When asked to comment, the American Public Power Association said that PREPA chose not to activate mutual aid programs and that the utility company "had already contracted with Whitefish Energy by the time convened a conference call to coordinate aid."
Whitefish's size also drew attention. Before being awarded PREPA's contract, Whitefish's largest contract was a $1.3 million electrical upgrade in Arizona. In addition, Whitefish, as a holding company, only had two employees when the hurricane struck. Moreover, their primary investor, HBC Investments, was founded by Joe Colonnetta, a "prominent donor" of incumbent U.S. President Donald Trump during his 2016 presidential campaign. Whitefish CEO Andy Techmanski and United States Secretary of the Interior Ryan Zinke also know each other, as both hail from Whitefish, Montana. Techmanski also admitted that he had been in touch with Zinke in the aftermath of Hurricane Maria to try to free up more resources since getting crews and equipment to Puerto Rico had been difficult. Additionally, one of Zinke's sons also worked at one of Techmanski's construction sites in the past. Well-known Fortune 500 global engineering firm Fluor Corporation also received a rebuild contract; the U.S. Army Corps of Engineers contract was for $240 million, $60 million less than "tiny" Whitefish's contract.
After the contract was awarded, Whitefish sent 300 workers—mostly subcontractors—to Puerto Rico to rebuild 100 miles of transmission lines. Among those subcontracted were the Jacksonville Electric Authority, the Kissimmee Utility Authority, and Lakeland Electric, three public utility companies. The subcontracting of public utility companies raised further questions as such hiring is unusual, since such resources could have been hired under the aforementioned mutual aid agreements, possibly at a lower cost; El Nuevo Dia reports that extra workers hired by Whitefish were 10 times more expensive than PREPA's own workers. A few days after beginning work on the island, Whitefish said that it expected to have over 1,000 workers involved with the contract. According to a November 12, 2017, New York Times article, Whitefish Energy had hired contract workers, electricians from Florida, to do the work. The Times reported that in their contract Whitefish Energy Holdings was allowed to charge PREPA "$319 an hour for linemen, a rate that industry experts said was far above the norm even for emergency work — and almost 17 times the average salary of their counterparts in Puerto Rico." Whitefish had in turn paid the Florida linesman wages ranging to $42 per hour plus overtime, to $100 per hour. A Whitefish spokesman said that the higher contract prices were due to overhead costs, adding that the company had to pay a premium to entice workers to come to Puerto Rico, and that many workers received overtime pay for every hour worked, with overtime rates influenced by many factors.

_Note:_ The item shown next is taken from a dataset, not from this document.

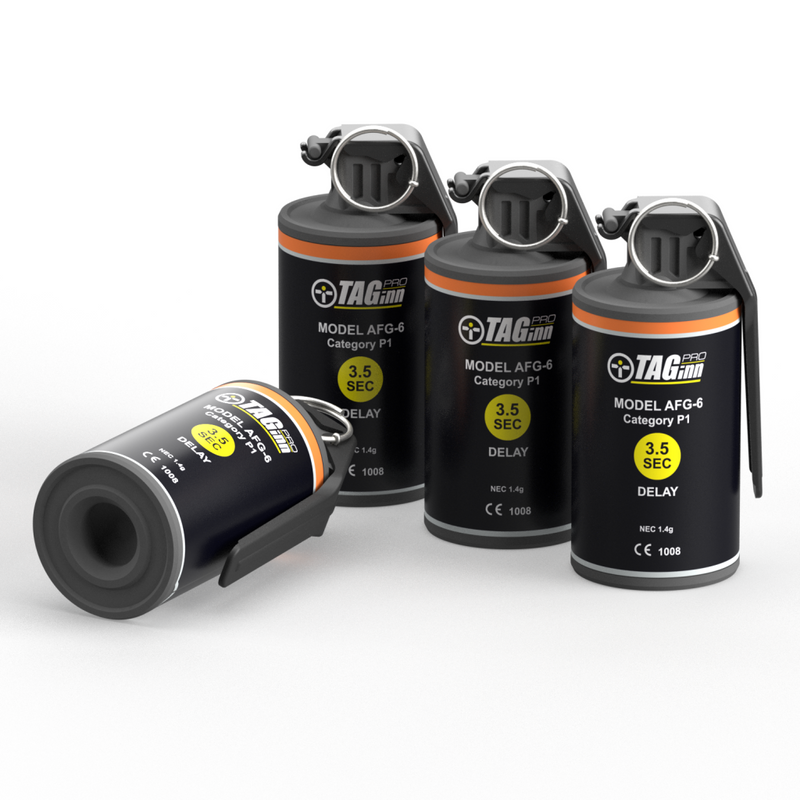 The TAGinn AFG-6 is a field-grade pyrotechnichand simulation grenade. It filled with dried peas, and made of foamed polyurethane and cardboard body.

On October 29, 2017, a few weeks after the award, Rossello requested to the PREPA board of directors to cancel the contract with Whitefish. Within a few hours, the board satisfied the request. In response, Ramos said that the cancellation amounted to a delay of ten to twelve weeks in the restoration work, "if nothing done." A day later, The Wall Street Journal reported that the Federal Bureau of Investigation was investigating the awarded contract.
Cruiseline French America Line claimed to be working with Whitefish Energy, and that their boat the Louisiane would serve as "headquarters for relief services" after Hurricane Maria. Further investigation revealed that the boat had been docked in New Orleans since 2016. French America Line has been accused of scamming customers without delivering on services, and some have alleged the company used proposed "hurricane relief services" as a coverup.